» **What the task requires**
Copy exactly the lines of the data below that run from the line holding "Figure 3: Different-Sized" through the line holding "WESTERN-FACING SUN DECK", both ends included.

» **Material shown**
______
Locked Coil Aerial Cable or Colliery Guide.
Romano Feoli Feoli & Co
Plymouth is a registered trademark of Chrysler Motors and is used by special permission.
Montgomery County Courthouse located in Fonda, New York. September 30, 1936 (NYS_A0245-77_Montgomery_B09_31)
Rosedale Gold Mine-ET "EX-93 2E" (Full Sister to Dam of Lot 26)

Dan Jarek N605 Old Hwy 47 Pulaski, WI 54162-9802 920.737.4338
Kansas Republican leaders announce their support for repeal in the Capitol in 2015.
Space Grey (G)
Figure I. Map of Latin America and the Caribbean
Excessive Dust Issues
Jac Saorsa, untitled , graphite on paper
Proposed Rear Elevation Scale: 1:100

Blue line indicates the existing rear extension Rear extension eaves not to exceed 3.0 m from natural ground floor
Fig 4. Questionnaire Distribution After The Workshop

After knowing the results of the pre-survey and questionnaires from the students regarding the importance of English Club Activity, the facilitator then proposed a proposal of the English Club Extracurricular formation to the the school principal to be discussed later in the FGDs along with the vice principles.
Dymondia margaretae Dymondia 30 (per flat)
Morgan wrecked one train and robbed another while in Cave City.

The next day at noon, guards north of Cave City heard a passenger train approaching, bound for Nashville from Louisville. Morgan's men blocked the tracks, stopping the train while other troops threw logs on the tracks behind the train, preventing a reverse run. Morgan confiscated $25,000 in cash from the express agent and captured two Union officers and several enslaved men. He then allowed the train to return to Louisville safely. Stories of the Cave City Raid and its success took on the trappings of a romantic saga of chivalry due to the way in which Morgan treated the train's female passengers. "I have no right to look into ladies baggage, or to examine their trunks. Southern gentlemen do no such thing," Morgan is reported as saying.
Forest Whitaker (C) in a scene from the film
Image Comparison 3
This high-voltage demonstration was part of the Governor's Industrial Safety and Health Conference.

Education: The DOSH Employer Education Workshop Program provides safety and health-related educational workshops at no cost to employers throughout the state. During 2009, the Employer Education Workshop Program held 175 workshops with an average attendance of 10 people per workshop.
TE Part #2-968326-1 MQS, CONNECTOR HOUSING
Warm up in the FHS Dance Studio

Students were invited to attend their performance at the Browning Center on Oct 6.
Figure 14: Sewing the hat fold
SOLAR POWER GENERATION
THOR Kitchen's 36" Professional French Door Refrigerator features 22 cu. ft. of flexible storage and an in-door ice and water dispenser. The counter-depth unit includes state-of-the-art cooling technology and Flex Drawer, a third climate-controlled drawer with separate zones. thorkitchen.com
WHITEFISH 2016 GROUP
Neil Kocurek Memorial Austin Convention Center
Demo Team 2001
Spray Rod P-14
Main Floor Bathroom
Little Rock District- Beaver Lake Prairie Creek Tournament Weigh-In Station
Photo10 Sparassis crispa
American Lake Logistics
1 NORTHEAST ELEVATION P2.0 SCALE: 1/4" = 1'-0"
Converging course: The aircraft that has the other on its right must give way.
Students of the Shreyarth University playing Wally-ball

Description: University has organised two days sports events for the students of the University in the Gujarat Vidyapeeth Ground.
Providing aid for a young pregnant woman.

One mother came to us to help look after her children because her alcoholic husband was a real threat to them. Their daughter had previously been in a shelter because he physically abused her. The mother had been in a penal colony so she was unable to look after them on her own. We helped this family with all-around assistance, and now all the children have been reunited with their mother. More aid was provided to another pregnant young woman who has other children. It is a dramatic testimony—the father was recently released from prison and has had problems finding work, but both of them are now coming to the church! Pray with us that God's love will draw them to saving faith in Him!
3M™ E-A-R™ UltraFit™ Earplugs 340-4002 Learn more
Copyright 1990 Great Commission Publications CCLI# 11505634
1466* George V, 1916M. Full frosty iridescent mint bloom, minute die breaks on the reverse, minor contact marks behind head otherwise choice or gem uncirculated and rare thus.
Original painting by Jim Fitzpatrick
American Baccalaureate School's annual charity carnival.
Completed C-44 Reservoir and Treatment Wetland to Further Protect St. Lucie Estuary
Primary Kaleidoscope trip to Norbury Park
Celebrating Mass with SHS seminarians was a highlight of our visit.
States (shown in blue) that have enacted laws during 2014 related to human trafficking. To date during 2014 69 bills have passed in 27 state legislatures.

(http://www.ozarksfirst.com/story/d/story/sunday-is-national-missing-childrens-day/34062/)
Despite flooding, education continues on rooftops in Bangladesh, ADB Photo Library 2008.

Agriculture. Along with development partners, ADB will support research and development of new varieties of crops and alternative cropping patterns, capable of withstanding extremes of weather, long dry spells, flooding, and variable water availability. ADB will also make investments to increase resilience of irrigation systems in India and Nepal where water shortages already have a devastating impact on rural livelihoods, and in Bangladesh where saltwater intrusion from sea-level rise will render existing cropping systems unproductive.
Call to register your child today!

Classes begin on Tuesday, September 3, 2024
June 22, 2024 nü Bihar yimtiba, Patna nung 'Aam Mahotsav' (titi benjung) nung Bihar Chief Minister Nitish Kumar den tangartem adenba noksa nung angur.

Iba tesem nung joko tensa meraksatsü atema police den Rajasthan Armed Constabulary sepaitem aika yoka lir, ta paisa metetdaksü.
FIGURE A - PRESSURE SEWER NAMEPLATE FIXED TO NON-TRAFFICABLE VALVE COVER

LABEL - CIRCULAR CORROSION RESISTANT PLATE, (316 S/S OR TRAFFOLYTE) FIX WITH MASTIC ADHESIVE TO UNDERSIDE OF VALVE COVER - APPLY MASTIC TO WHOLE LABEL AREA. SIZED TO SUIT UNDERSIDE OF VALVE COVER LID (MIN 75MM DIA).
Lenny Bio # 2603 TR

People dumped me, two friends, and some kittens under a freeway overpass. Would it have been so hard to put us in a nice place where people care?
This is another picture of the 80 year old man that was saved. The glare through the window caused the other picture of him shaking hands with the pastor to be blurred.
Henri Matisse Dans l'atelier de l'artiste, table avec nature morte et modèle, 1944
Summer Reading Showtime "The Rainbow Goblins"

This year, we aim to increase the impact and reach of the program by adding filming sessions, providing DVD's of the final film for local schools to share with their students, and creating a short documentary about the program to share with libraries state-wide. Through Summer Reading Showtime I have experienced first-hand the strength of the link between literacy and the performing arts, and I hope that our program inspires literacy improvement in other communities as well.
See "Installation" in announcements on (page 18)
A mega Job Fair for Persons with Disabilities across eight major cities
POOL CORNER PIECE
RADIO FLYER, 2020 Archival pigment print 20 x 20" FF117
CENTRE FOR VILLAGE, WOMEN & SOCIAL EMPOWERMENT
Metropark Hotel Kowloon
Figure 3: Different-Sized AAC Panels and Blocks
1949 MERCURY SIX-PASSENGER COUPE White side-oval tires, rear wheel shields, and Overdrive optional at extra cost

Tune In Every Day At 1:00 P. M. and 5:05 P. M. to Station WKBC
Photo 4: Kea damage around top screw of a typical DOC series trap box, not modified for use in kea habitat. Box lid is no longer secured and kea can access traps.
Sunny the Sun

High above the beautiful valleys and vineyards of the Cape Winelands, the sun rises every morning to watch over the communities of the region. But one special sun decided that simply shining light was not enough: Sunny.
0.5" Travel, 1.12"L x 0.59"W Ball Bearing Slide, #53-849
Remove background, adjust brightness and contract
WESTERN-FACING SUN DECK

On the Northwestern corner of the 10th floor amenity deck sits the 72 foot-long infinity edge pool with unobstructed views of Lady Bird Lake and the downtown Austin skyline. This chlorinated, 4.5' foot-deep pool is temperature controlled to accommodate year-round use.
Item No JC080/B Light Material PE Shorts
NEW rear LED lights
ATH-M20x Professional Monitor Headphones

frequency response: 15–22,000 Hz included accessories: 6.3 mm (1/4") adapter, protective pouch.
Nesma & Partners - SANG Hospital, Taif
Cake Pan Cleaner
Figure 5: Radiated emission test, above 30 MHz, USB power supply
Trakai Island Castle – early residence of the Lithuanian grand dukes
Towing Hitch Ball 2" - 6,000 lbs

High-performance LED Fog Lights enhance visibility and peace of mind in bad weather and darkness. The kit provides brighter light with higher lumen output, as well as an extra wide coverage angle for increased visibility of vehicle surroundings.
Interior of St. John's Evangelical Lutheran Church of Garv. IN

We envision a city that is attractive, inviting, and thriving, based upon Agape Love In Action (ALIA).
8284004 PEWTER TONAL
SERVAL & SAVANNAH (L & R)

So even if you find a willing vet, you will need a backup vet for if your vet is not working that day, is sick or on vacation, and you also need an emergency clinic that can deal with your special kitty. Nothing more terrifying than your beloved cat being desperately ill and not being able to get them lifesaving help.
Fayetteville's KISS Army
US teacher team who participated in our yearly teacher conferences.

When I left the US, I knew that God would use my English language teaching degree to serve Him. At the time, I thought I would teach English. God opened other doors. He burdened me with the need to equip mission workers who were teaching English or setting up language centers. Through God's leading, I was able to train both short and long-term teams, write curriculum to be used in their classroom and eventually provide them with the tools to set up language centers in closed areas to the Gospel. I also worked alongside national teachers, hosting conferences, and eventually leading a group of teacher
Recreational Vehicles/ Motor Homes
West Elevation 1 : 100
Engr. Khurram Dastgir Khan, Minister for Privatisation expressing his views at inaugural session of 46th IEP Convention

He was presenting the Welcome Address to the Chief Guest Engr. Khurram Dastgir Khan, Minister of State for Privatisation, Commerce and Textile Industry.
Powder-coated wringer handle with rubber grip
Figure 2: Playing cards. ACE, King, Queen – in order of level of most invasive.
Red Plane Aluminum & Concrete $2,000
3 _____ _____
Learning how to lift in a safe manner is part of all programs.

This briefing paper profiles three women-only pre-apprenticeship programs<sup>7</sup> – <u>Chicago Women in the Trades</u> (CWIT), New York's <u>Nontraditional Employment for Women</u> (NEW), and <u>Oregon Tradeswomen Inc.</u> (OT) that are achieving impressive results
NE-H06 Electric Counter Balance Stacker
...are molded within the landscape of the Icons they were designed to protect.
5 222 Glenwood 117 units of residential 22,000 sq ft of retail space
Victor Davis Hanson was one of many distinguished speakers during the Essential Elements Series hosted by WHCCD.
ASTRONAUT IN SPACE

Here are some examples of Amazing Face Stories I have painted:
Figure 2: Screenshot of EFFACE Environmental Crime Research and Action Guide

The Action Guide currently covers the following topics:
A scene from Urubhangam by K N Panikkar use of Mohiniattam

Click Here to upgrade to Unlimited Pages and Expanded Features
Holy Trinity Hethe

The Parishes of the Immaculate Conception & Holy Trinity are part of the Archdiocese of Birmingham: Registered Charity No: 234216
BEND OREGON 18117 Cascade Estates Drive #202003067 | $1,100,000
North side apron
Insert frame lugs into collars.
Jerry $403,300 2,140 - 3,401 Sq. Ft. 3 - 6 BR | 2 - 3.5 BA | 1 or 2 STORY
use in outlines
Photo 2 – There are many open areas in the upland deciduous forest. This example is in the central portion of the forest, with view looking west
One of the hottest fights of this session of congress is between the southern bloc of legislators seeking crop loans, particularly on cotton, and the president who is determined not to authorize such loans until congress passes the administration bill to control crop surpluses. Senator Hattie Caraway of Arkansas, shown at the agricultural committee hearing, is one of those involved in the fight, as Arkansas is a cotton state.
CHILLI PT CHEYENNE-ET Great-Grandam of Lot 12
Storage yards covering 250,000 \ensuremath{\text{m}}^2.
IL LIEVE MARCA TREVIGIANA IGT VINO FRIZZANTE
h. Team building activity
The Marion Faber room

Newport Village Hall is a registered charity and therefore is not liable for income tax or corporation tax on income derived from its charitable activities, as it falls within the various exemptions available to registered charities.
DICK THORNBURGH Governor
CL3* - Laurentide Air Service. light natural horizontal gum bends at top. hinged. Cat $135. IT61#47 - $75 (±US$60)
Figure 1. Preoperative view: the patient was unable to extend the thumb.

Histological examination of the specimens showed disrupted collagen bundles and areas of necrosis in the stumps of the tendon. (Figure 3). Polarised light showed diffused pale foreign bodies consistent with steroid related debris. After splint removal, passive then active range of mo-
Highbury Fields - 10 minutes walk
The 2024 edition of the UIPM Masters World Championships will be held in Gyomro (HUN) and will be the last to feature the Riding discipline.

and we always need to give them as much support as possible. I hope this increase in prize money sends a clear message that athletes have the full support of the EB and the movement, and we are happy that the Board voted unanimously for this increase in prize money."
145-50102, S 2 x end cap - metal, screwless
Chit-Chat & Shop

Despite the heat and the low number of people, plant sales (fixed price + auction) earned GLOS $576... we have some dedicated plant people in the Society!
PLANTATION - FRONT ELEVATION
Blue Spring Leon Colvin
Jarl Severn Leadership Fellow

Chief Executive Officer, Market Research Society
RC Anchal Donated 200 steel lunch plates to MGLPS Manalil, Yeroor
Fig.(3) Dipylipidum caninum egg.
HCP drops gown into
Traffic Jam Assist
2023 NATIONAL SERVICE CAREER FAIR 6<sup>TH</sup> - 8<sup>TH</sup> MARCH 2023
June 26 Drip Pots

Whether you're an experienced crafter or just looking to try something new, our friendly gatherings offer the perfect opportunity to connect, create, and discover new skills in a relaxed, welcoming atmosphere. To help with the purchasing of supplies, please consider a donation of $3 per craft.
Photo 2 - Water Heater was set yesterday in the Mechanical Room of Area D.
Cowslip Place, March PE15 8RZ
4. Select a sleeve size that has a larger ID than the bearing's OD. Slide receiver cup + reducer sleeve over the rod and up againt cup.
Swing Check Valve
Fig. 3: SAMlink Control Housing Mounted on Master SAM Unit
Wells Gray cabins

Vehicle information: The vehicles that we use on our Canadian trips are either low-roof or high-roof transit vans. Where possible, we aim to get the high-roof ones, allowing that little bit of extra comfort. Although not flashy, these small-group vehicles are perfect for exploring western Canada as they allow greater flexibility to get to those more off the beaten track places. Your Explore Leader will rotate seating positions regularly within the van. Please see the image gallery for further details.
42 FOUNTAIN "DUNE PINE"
______
» **Output of the exercise**
Figure 3: Different-Sized AAC Panels and Blocks
1949 MERCURY SIX-PASSENGER COUPE White side-oval tires, rear wheel shields, and Overdrive optional at extra cost

Tune In Every Day At 1:00 P. M. and 5:05 P. M. to Station WKBC
Photo 4: Kea damage around top screw of a typical DOC series trap box, not modified for use in kea habitat. Box lid is no longer secured and kea can access traps.
Sunny the Sun

High above the beautiful valleys and vineyards of the Cape Winelands, the sun rises every morning to watch over the communities of the region. But one special sun decided that simply shining light was not enough: Sunny.
0.5" Travel, 1.12"L x 0.59"W Ball Bearing Slide, #53-849
Remove background, adjust brightness and contract
WESTERN-FACING SUN DECK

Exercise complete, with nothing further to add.